Pediatric Vestibular Disorders
While every child stumbles and falls from time to time, it's important that parents take note of any balance problems that appear to be habitual. If your child, or a child in your care, seems to be a bit too clumsy, it could be a sign of a pediatric vestibular disorder, sometimes referred to simply as balance problems.
What is the Vestibular System?
The cause of some balance disorders lies within the vestibular system. Located deep in the inner ear, the vestibular system provides your child with sensory information--motion and spatial orientation. The vestibular system detects gravity and head movement. When the vestibular system functions properly, it sends signals to the brain that work with the other senses to maintain balance. The development of this complex system continues through about age 15.
Diagnosing Balance Disorders
Roughly one in 20 children between ages 3 and 17 are affected by vestibular disorders, but in patients younger than age 6, vestibular disorders can be difficult to diagnose. Young children naturally have trouble describing their symptoms, and the terms “vertigo" and “imbalance" aren't necessarily in every young child's vocabulary. This is why it's so important that the child's caregivers take note of any unusual balance problems they see in the child.

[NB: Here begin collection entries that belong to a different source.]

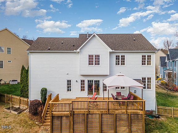 Just Listed in Wakefield's popular Berkshire community! Perfectly situated on a cul-de-sac lot, this charming four-bedroom home boasts a well-designed floor plan and features a beautiful formal dining room, separate living room, and a cozy family room with a gas log fireplace. The bright and open kitchen showcases a large island, gorgeous cabinetry, and a pantry with ample storage. Ideal for gatherings, it flows seamlessly onto the over-sized deck with an attached gazebo, perfect for outdoor dining and entertainment in your private, fully fenced backyard. Upstairs, discover a generously sized primary bedroom with a vaulted ceiling, ensuite bathroom with dual vanities, a jacuzzi-style tub, separate shower, and a huge walk-in closet. Three secondary bedrooms, two additional full bathrooms, and a spacious bonus room complete the second floor. Two car garage, laundry room on main level, swimming pool and clubhouse community. All in an ideal location... close to schools, dining, shopping, and major roads! Kitchen refrigerator with craft ice maker, chimnea, and basketball goal all convey. Welcome Home!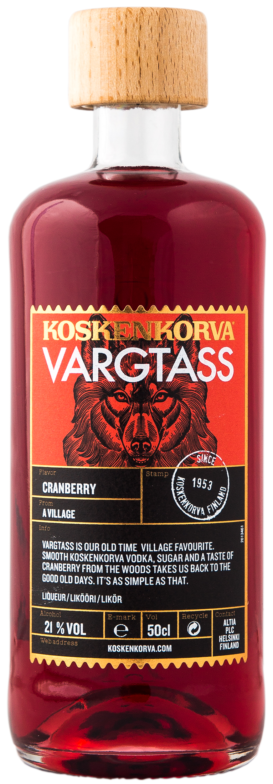 Koskenkorva Vargtass har en perfekt balans mellan surt och sött med tydlig smak och doft av tranbär och lingon.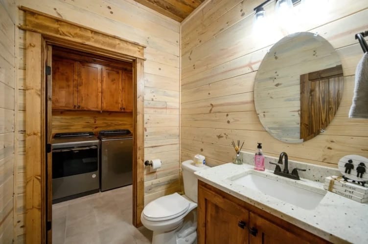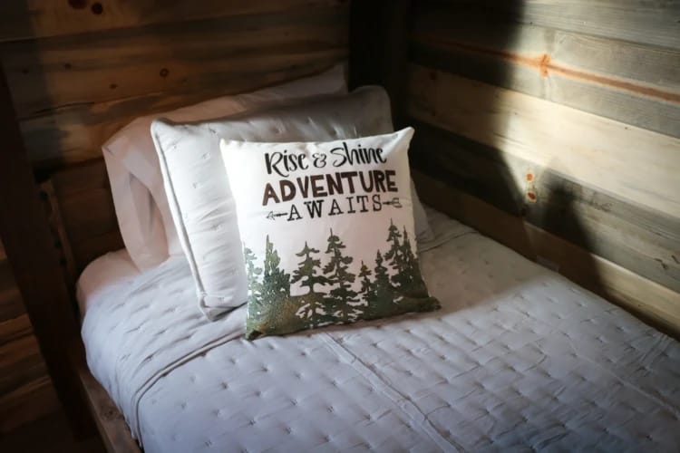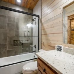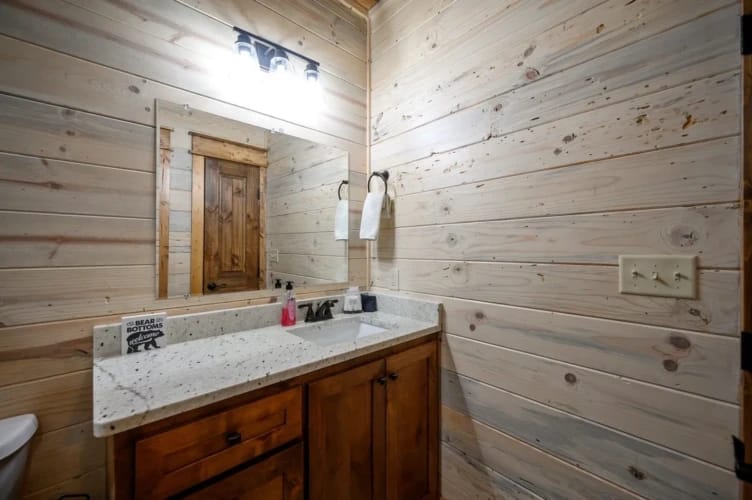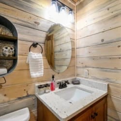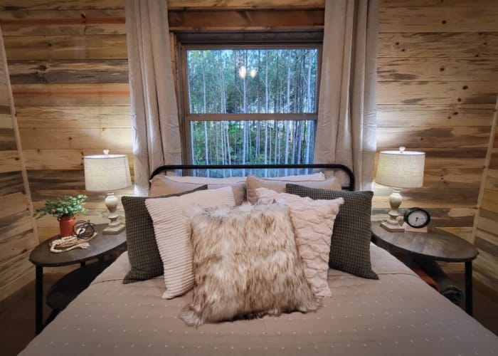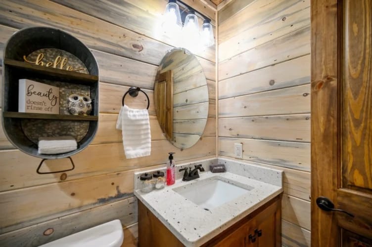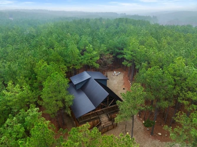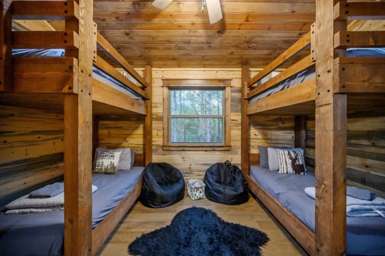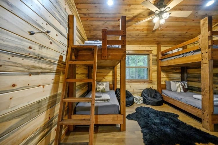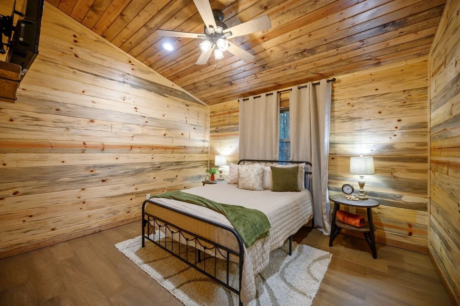 The highlight of many vacations at Blue Horizon is undoubtedly the private pool and hot tub, which transform the cabin into a personal oasis from morning until well past sunset. Guests love starting their day with a refreshing dip or ending the evening with a relaxing soak in the hot tub, watching the sky darken above the trees. This cabin enhances these moments by offering comfortable seating areas around the pool where guests can lounge, sunbathe, or listen to the quiet hum of nature. As night falls, the firepit at Blue Horizon becomes a natural gathering point, offering the perfect place for stargazing, storytelling, and roasting marshmallows under the vast Oklahoma sky. From its curated interiors to its inviting outdoor spaces, this cabin provides the perfect balance of comfort, convenience, and natural beauty for families, couples, and groups seeking an unforgettable escape.

If a child is experiencing a balance disorder, you might notice the following symptoms:
- Clumsiness, unsteady walking, poor posture, leaning, tilting
- Involuntary, alternating, rapid or slow eye movements
- Skipping words or letters when reading (spatial relationships)
- Disorganized writing
- Unexplained nausea, which is sometimes accompanied by headaches or dizziness
- Slow development in gross motor skills such as sitting, standing and walking
- Slower development in activities such as bicycling, swimming and left-right-left leg movements
You may also hear the child complain about:
- Feeling dizzy
- Trouble seeing
- Having a hard time hearing
- A buzzing or ringing sound in the ear
- Ear pain
Causes of Pediatric Vestibular Disorders
There are a variety of causes for vestibular disorders, including:
- Chronic ear infections
- Certain viruses
- Genetic conditions
- Reduced oxygen at birth
- Immune deficiency disorders
- Head or neck trauma
Treatments for Balance Disorders
Treating vestibular disorders is important for the child's well-being in more ways than one. Falling, of course, can injure a child. However, untreated vestibular disorders can lead to lack of normal movement reactions, posture and motor control and even vision disruptions. Problems such as these can cause developmental and learning delays which can impact a child throughout their life.
Treatments vary for each child. Your Boys Town care team may include audiologists, neurologists, physical therapists, and other experts. It depends on their diagnosis. Rest assured, your child will receive the care and attention they need in their healing process.